Goal of the exercise:
Return an exact copy of the data, starting at its first line and ending at the line that contains "团学指导老师朱宸希宣读学业优", minus any pictures.
Start of Block
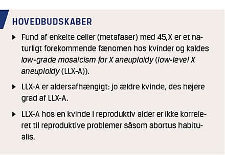 During chromosome analysis the finding of few cells with X-chromosome aneuploidy in a phenotypically normal woman is not unusual – so-called low-grade mosaicism for X aneuploidy (LLX-A). Such results can be difficult to interpret. In this review, LLX-A and its clinical implications are discussed, and based on the current literature it can be concluded, that LLX-A is an age-related phenomenon not related to reproductive issues such as recurrent abortions. This should be taken into account in any laboratory performing chromosome analysis.
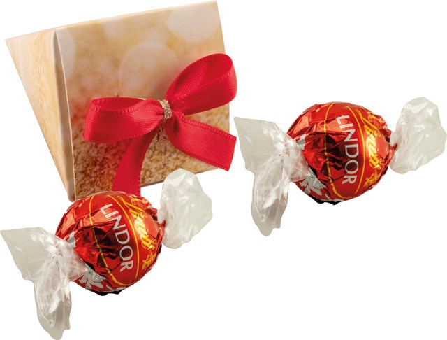 Eine kleine Tüte für Schokoladen-Gourmets. 2 Schoko-Kugeln von Lindt versüßen die Adventszeit. Das Standardmotiv der Spitztüte bietet Platz für Ihren Werbeeindruck. Alternativ, kann, ebenfalls ab 250 Stück, eine individuelle Gestaltung erfolgen. Inhalt: 2 Lindt Schoko-Kugeln (je 12,5 g)
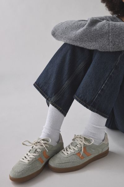 In soft suede, the Coolway Thai sneakers have a retro sneakers aesthetic inspired by indoor soccer shoes. Suede sneakers with a padded footbed complete with gel inserts for comfort.
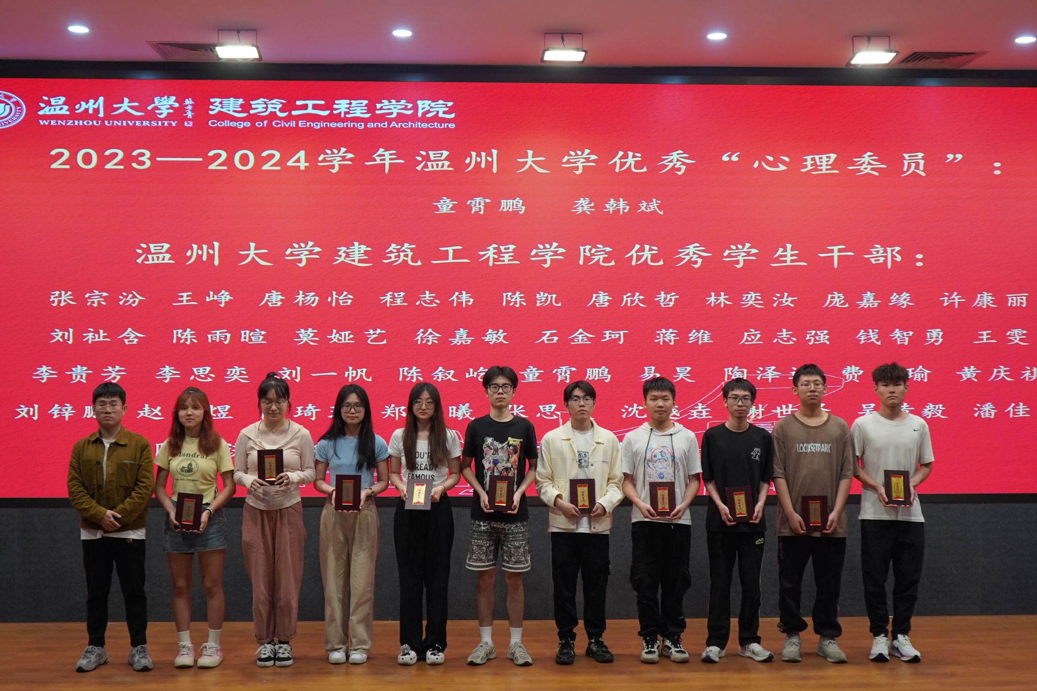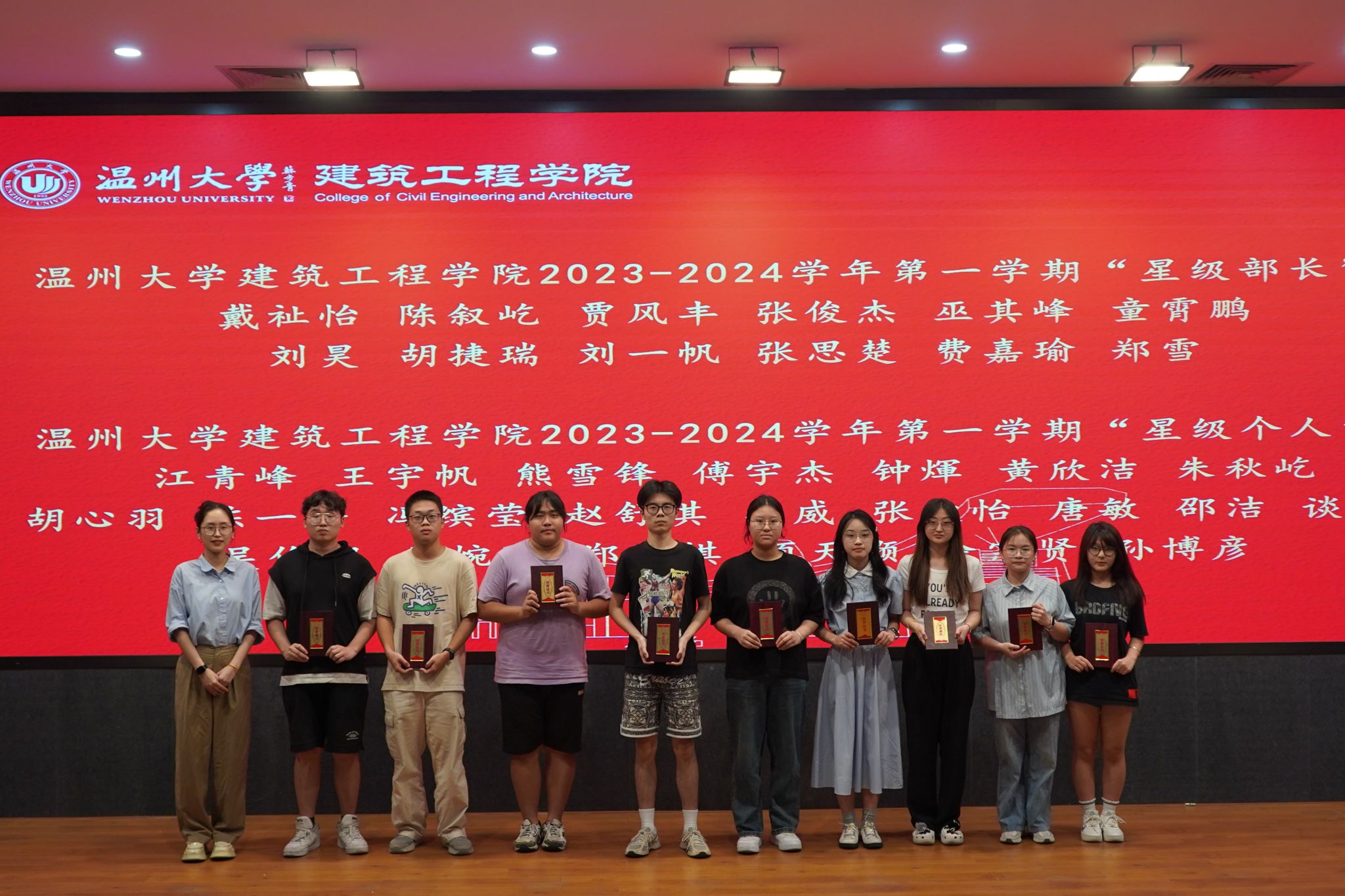 团学指导老师朱宸希宣读学业优秀类、志愿实践类、创新创业和学科竞赛类、文体活动类、优秀学干类表彰名单,激励大家从榜样身上汲取踔厉奋发、勇毅前行的力量。
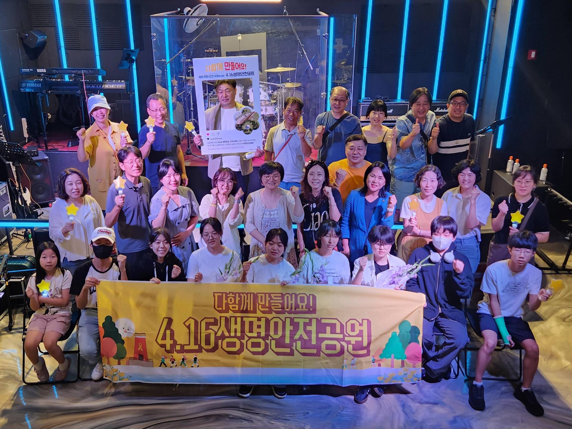 그래서 이번 공연은 어른들이 빚진 마음을 조금이나마 덜고 싶어 준비한 자리이기도 했습니다. 필요한 모든 것은 우리가 책임질 테니, 너희는 자유롭게 노래하라는 마음이었습니다. 유담이의 어머니 박나은 님은 참사로 희생된 아이들과 같은 또래의 자녀를 둔 엄마로서 특별한 마음을 담아 노래를 선물해 주었습니다. 또한 최순화 세월호가족협의회 대외협력부서장과 김현석 4.16연대 지역협력위원장도 자리해 감사의 인사를 전했습니다. 이어 416명의 시민 참여를 목표로 한 ‘4.16생명안전공원 챌린지’ 영상 상영으로 공연의 열기가 더해졌습니다.👍
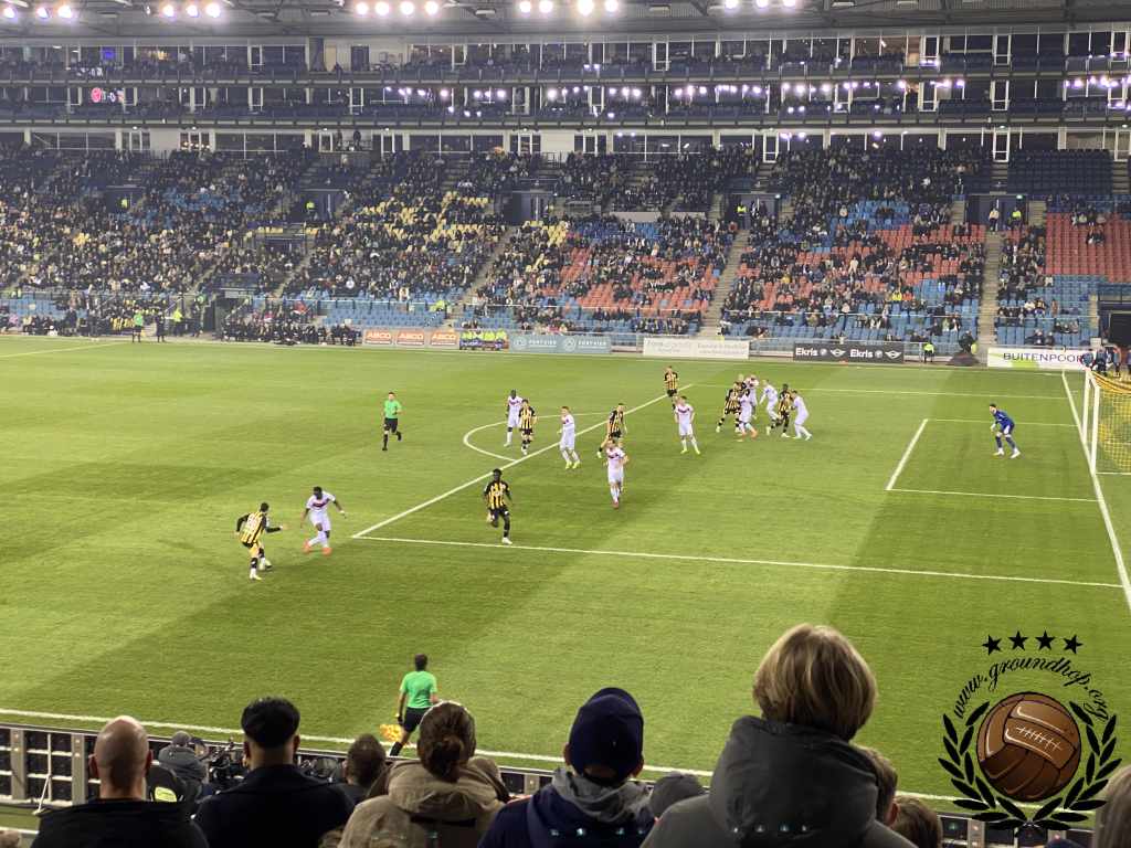 Na twee wedstrijden in de Vierde Divisie D te hebben bekeken, is het weer eens tijd voor een potje in de Eredivisie. We lopen vanaf MASV de Batavierenweg over en na een meter of 100 bevinden we ons bij de poorten van het Gelredome. Gelukkig zit het dak dicht, want inmiddels is het bijna afgekoeld tot het vriespunt.
End of Block
Exercise solution:
 During chromosome analysis the finding of few cells with X-chromosome aneuploidy in a phenotypically normal woman is not unusual – so-called low-grade mosaicism for X aneuploidy (LLX-A). Such results can be difficult to interpret. In this review, LLX-A and its clinical implications are discussed, and based on the current literature it can be concluded, that LLX-A is an age-related phenomenon not related to reproductive issues such as recurrent abortions. This should be taken into account in any laboratory performing chromosome analysis.
 Eine kleine Tüte für Schokoladen-Gourmets. 2 Schoko-Kugeln von Lindt versüßen die Adventszeit. Das Standardmotiv der Spitztüte bietet Platz für Ihren Werbeeindruck. Alternativ, kann, ebenfalls ab 250 Stück, eine individuelle Gestaltung erfolgen. Inhalt: 2 Lindt Schoko-Kugeln (je 12,5 g)
 In soft suede, the Coolway Thai sneakers have a retro sneakers aesthetic inspired by indoor soccer shoes. Suede sneakers with a padded footbed complete with gel inserts for comfort.
 团学指导老师朱宸希宣读学业优秀类、志愿实践类、创新创业和学科竞赛类、文体活动类、优秀学干类表彰名单,激励大家从榜样身上汲取踔厉奋发、勇毅前行的力量。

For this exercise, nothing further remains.